'You Get a Rhythm about it' - Peter Minson; 'Emerging Contemporaries'; '6.30 Sessions' - Nellie Peoples + Michelle Stemm. Craft ACT. On until 19 March.
Peter Minson uses lampworking to create a diverse range of glass objects, from goblets to elaborate candelabra. It is a demanding technique that involves manipulating hot glass over a flame. Minson learnt his lampworking skills in his family factory that produced scientific and medical glass. Later in life he devoted these skills to more artistic ventures.
His exhibition at Craft ACT is a display of his work from the early 1970s to the present day. I was surprised to see that the colourful harlequin-style teapots, a highlight of the exhibition, dated from the 1970s as they look so fresh and contemporary.
Advertisement
There can be a playfulness about lampworking glass that comes from its sense of theatre. Minson uses his talent to spin glass into objects like masted galleons, carriages with horses, candelabra with putti and roses, and swans with red bills.

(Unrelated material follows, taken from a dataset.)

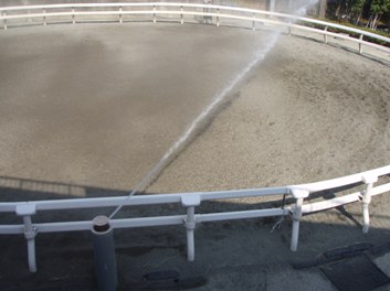 さてポニーランドでは、この雨水を馬場のスプリンクラーに活用しています。
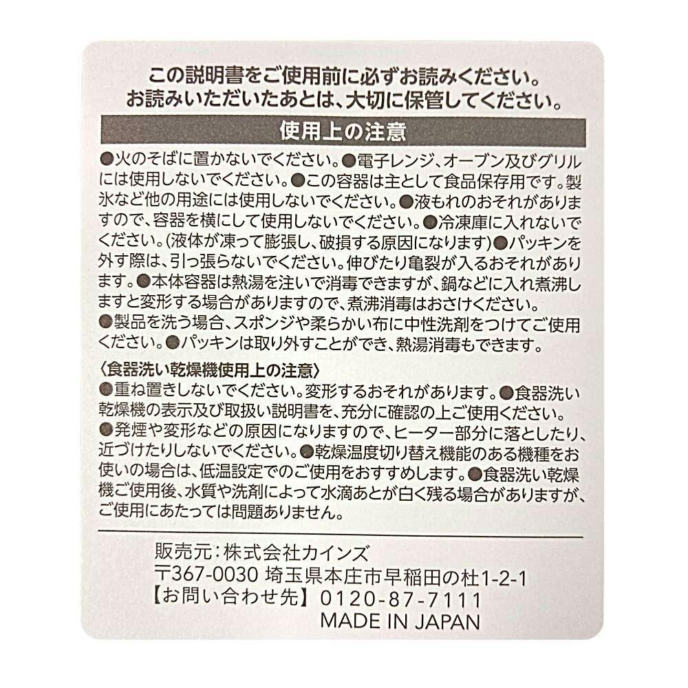 ●火のそばに置かないでください。●電子レンジ、オーブン及びグリルには使用しないでください。●この容器は主として食品保存用です。製氷など他の用途には使用しないでください。●液もれのおそれがありますので、容器を横にして使用しないでください。

However his creative imagination takes flight in the series of flutes and goblets with their decorated stems (a tribute to traditional glassmaking skills in decoration) and birds like the Royal Spoonbill in clear glass with long elegant legs.
Emerging Contemporaries at Craft ACT is an exhibition that affords emerging artists the opportunity to exhibit their work in a public gallery. It provides a valuable experience for artists from a wide spectrum of institutions, particularly in these present times of disruption and uncertainty.
Some artists obviously enjoy pushing the limits of their chosen material and the sense of discovery along the way. Among the more confident and resolved artworks is Tuna Moire by Brandon Harrison. Technically a functional seat, this artfully skilled work is also a beautiful organic sculpture in Tasmanian oak with its slatted curves following its own internal rhythms.
Noel Davar's Cathedral Table in old-growth Australian cedar and rock maple has also a gentle flowing rhythm in fretwork and rail. As its name suggests, it takes its inspiration from the delicate tracery of cathedral windows.
Roz Hall's witty conceptual work Kinetics of Uncertainty is a series of ceramic installations where she plays with colour-coordinated ceramic rings and bowls paired with household objects like beaters and turntables. The objects are held in suspension as tension is created by the imminent potential of movement and change.
The third exhibition at Craft ACT is 6.30 Sessions. The title refers to the time during COVID-19 restrictions that Brisbane artists Nellie Peoples and Michelle Stemm "met" virtually at 6.30am.
Their normal art practice routines being curtailed by state border closures, they were both feeling creatively disheartened so they decided to meet to encourage each other to make art every day.
Drawn by necessity to the immediate environment of their respective Brisbane backyards (luckily lush tropical gardens), they made photographs, diaries and drawings of what they observed.
These drawings were translated into delightful small linear sculptures, brooches and pins of foliage and flowers using galvanised garden wire. These initial explorations of line eventually became, through a series of evolving processes, documented by the artists' more traditional jewellery pieces.
The creative journey revealed by the project documentation reveals an insightful overview into the creative minds of two artists forced by circumstances outside their control to find inspiration, motivation and a creative order in their surroundings.
As we look back on the past two years of disruption and change, I feel this is one exhibition that we will remember as succinctly summing up how two artists chose to cope with the world they knew growing smaller, but also finding solace around them in creative companionship and a fruitful creative project.